──────── Dataset

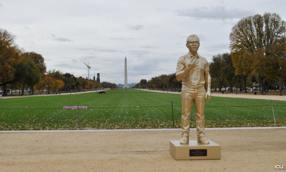 On a Tuesday in late October, a 10-foot-tall statue of Zhao appeared on a gravel pathway less than a mile from the US Capitol.
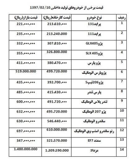 قیمت تعدادی از خودروهای داخلی در بازار امروز به شرح زیر است:
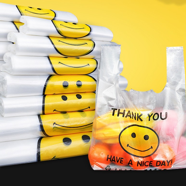 塑料购物一次性袋子批发超市食品方便菜市场打包袋子透明笑脸袋
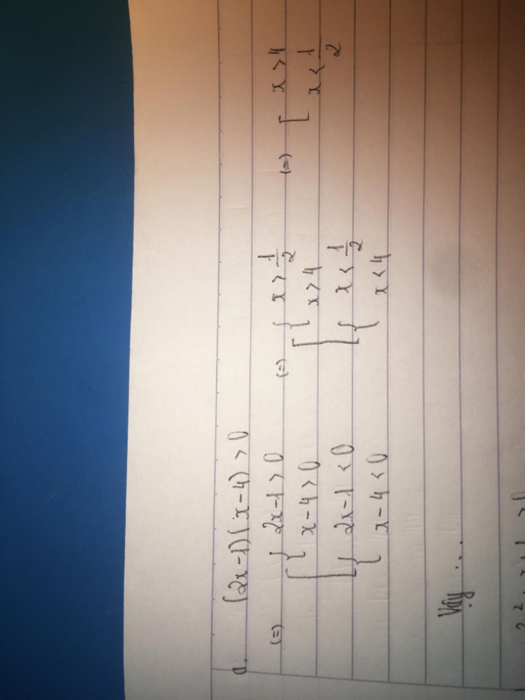 Vậy `f(x)>0` khi `x \in (-∞;\frac{1}{2})∪(4;+∞)`
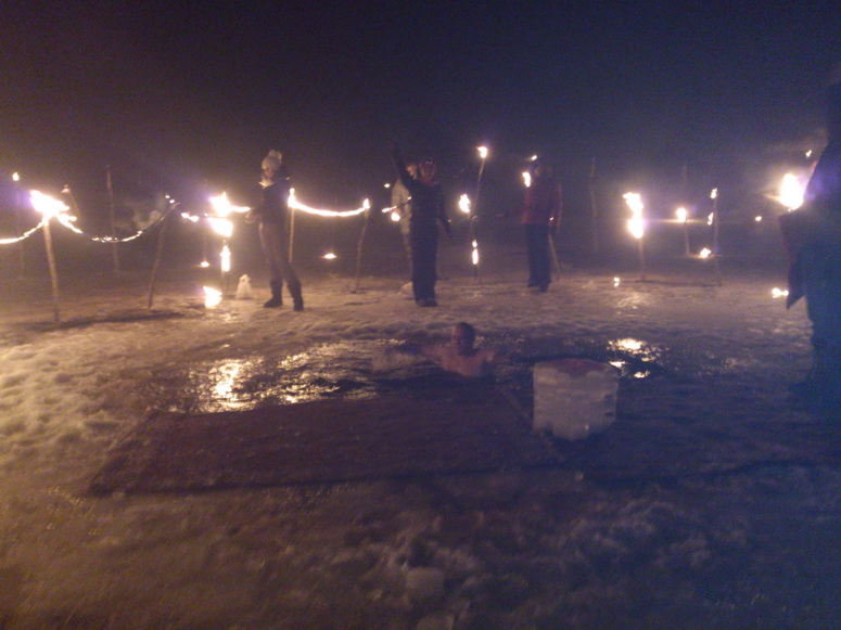 Мы занимались прорубью, Андрей Бай занимался отверстиями во льду для Факелов, Глаз занимался факелами, Палыч при поддержке толпы занимался лагерем.
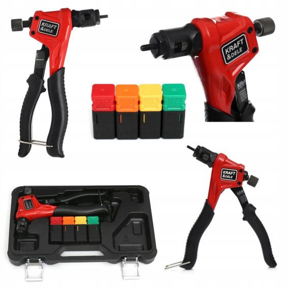 Profesjonalna nitownica ręczna model KD10551 polskiej marki KRAFT&DELE. Wykonana z najwyższej jakości materiałów, w tym stali oraz aluminium.
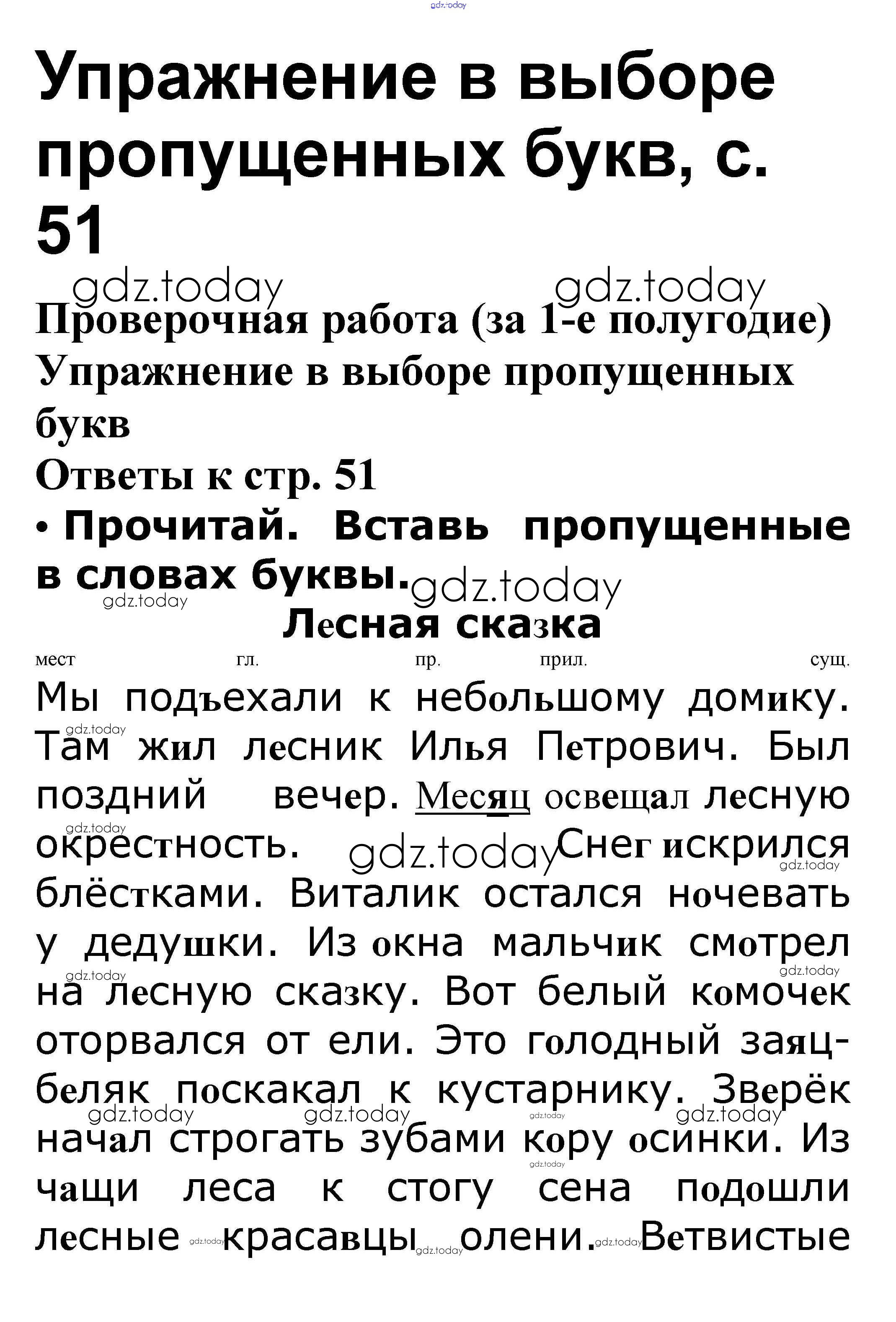 На страницах сайта gdz.today вы найдете учебный и вспомогательный материал, направленный на улучшения знаний школьной программы. ГДЗ - онлайн мир знаний Проверочная работа (за 1-е полугодие) Упражнение в выборе пропущенных букв стр. 51 Проверочным работам по Русскому языку для 3 класса Канакина, Щеголева Просвещение Школа России 2018
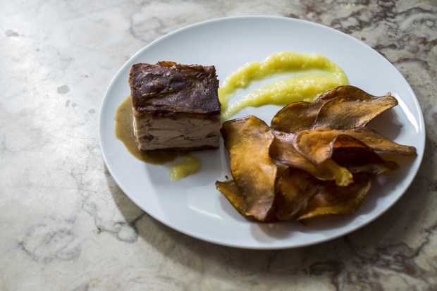 O menu – impresso numa folha que os clientes podem levar com eles no final – está dividido em couvert, onde se inclui o tal queijo fresco com azeite (3 euros), enchidos de porco preto e não só (4,5 euros) ou queijo manchego (6 euros). Depois passamos à secção “Para Começar”, que inclui, entre outras coisas, ovos e espargos verdes, ovos e farinheira (ambos a 6,5), ratatouille e ovo (7,50), escabeche de pato (9 euros) ou bacalhau, pão e poejos (9,5), ou seja, migas de bacalhau.
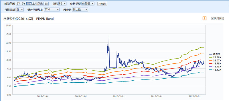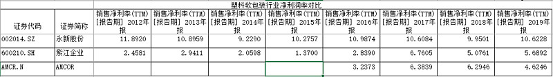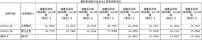 永新股份(002014):每股净资产 3.69元,每股净利润 0.54元,历史净利润年均增长 13.79%,预估未来三年净利润年均增长 13.55%,更多数据见:永新股份002014核心经营数据 永新股份的当前股价 9.32元,市盈率 17.44,未来三年的估值假设和预期收益率如下:15倍PE,预期收益率 27.24%;20倍PE,预期收益率 69.66%;25倍PE,预期收益率 112.07%;30倍PE,预期收益率 154.48%。 先写结论: 永新股份是塑料软包装行业龙头公司,公司负债率低,经营稳健,公司下游是消费日化医药行业,需求稳定,上游是石油化工,今年受益于原油价格大幅下滑,公司盈利能力处于景气周期。公司历史最低PE估值为12倍左右,估值回到12倍概率较低,且相比其它行业受疫情影响,今年公司受影响较小,股权激励确保未来三年业绩增速,属于低估值适当增长的小市值龙头公司!值得关注。 投资要点: 1. 2020年6月20日公司出了股权激励,以2019年为基数,2020年-2022年复合增长率13%,参与人员为高管12人,股权激励数量为1040万股,占总股本2.06%,行权价4.44元每股。 2. 公司主要产品是塑料包装,上游原材料主要以石油化工品为主,原材料占总成本比例为77%,下游为食品日用医药行业,需求稳定,油价下跌利好公司毛利率提升。 3. 公司高比例分红,派息率近5年保持70%以上,累计分红金额超过上市融资额,是A股少有的良心公司,公司现金流持续向好,经营性现金流净额/净利润达到1.6倍。 4. 研发费用占营收比例逐年提升,增强公司竞争力,海外业务恢复两位数增长,随着竞争力持续提升,公司估值有提升可能,参照国外巨头安姆科20-30倍的估值区间,永新股份存在戴维斯双击的可能。 一 塑料包装行业分析 塑料软包装主要指用纸、铝箔、纤维、塑料薄膜以及他们的复合物所制成的袋、盒包封等包装形式,在下游食品加工业、医药用品、洗涤用品和农药等行业被广泛应用,上游主要是聚乙烯薄膜、流延聚丙烯薄膜、双向拉伸聚丙烯薄膜等和石油紧密相关的原材料产业。从软包装行业应用结构来看,最大的应用是食品饮料,占软包总消耗量的 70%左右。 图表1:塑料软包装产业链图 根据凯度消费者指数报告, 2018 年快速消费品销售额同比增长 4.3%。 此外, 根据博思数据, 2015 年中国塑料软包装行业的产值约为 769.7 亿元,同比增长 5.4%,2010-2015 年复合增长率达 9.57%。假设 2016-2018 这 3 年的行业复合增速放缓至 5%,估计 2018 年中国塑料软包装行业的产值在 900 亿元左右。 图表2:塑料软包装行业规模 1 行业财务特征: 塑料软包装行业公司毛利率普遍较低,毛利率在20%左右。 图表3:塑料软包装行业毛利率对比 塑料软包装行业公司净利润率也普遍较低,永新股份净利润率最高10%左右。 图表4:塑料软包装行业净利润率对比 2 竞争格局 市场集中度低,但行业竞争激烈,多因素促使行业资源向头部企业聚集。 我国塑料软包装行业的市场集中度很低, 第一梯队的企业主要包括永新股份(17 年收入 20.09 亿)、紫江企业(17 年软包业务收入 12.45 亿)、江苏彩华包装(17 年估计收入约 7-8 亿)、以及全球龙头安姆科的中国区业务(估计和永新股份收入体量相当),4 家公司合计市场份额约达 7%-10%,竞争格局较为分散。 总体来看,环保政策趋严、下游品牌客户的成长、劳动力成本的上升和产业升级带来的挤出效应都在逐步使得行业内资源向头部企业集中,头部企业与下游中高端客户的关系也更加紧密。 3 行业政策 07年12月31日,国务院颁布“限塑令”,在全国范围内禁止生产、销售、使用厚度小于 0.025 毫米的塑料购物袋,并要求提高废塑料的回收利用水平,限塑令主要针对超薄塑料购物袋,而对于符合耐用、易回收的塑料制品并无影响。 图表5:限塑令相关政策 4 行业未来发展趋势 目前塑料软包装行业转型升级迫在眉睫。主要体现在两个方面:1)行业对消费者的保护和客户对安全的更高要求都为全行业带来挑战。全行业普遍倡导清洁生产和绿色发展,尤其是必须适应对挥发性有机化合物(VOCs)排放控制的要求,对全行业都产生影响。2)随着互联网技术和运用的普及,物联网、大数据应用的不断推广,大数据在包装领域的创新应用、智能化包装业成为包装发展的必选题。 二 公司概况 1 历史沿革、控股股东及主要高管情况 黄山永新股份有限公司成立于 1992 年,主要生产经营真空镀铝膜、塑胶彩印复合软包装材料、药品包装材料、多功能高阻隔薄膜等高新技术产品,用于食品、日化、医药等必需消费品类领域。公司多年精专塑料软包装行业,通过与多个产业技术中心及团队的长期合作,逐渐在新材料运用、产品设计及创新、产业链的协同配套等多个方面积累出核心优势,是行业中当之无愧的领军企业。 图表6:永新股份发展历程 公司持股 5%以上的股东分别是黄山永佳投资和奥瑞金。截至 2020 年一季度,第一大股东黄山永佳投资持股 31.7%,永佳投资的第一大股东是黄山市供销集团。第二大股东为金属包装龙头奥瑞金持股比例为 24.18%。在 2015-2016 年期间,奥瑞金及其控股股东基于对永新内在价值的认可,以及拓展包装业务的意图,通过二级市场总计买入公司股权比例 24.2%,平均买入成本 11.51 元/股(考虑除息和除权)。 2 公司商业模式及主营业务情况 公司主要生产经营真空镀膜、多功能薄膜、彩印复合软包装材料、纸基复合包装材料、新型医药包装材料、塑料制品、精细化工产品等高新技术产品,主要用于食品

────────────────

▶ What to do
Leave the pictures out. Output, exactly, the lines of the material above starting at the line containing "Мы занимались прорубью, Андрей" and ending at the line containing "O menu – impresso".

▶ Solved exercise
 Мы занимались прорубью, Андрей Бай занимался отверстиями во льду для Факелов, Глаз занимался факелами, Палыч при поддержке толпы занимался лагерем.
 Profesjonalna nitownica ręczna model KD10551 polskiej marki KRAFT&DELE. Wykonana z najwyższej jakości materiałów, w tym stali oraz aluminium.
 На страницах сайта gdz.today вы найдете учебный и вспомогательный материал, направленный на улучшения знаний школьной программы. ГДЗ - онлайн мир знаний Проверочная работа (за 1-е полугодие) Упражнение в выборе пропущенных букв стр. 51 Проверочным работам по Русскому языку для 3 класса Канакина, Щеголева Просвещение Школа России 2018
 O menu – impresso numa folha que os clientes podem levar com eles no final – está dividido em couvert, onde se inclui o tal queijo fresco com azeite (3 euros), enchidos de porco preto e não só (4,5 euros) ou queijo manchego (6 euros). Depois passamos à secção “Para Começar”, que inclui, entre outras coisas, ovos e espargos verdes, ovos e farinheira (ambos a 6,5), ratatouille e ovo (7,50), escabeche de pato (9 euros) ou bacalhau, pão e poejos (9,5), ou seja, migas de bacalhau.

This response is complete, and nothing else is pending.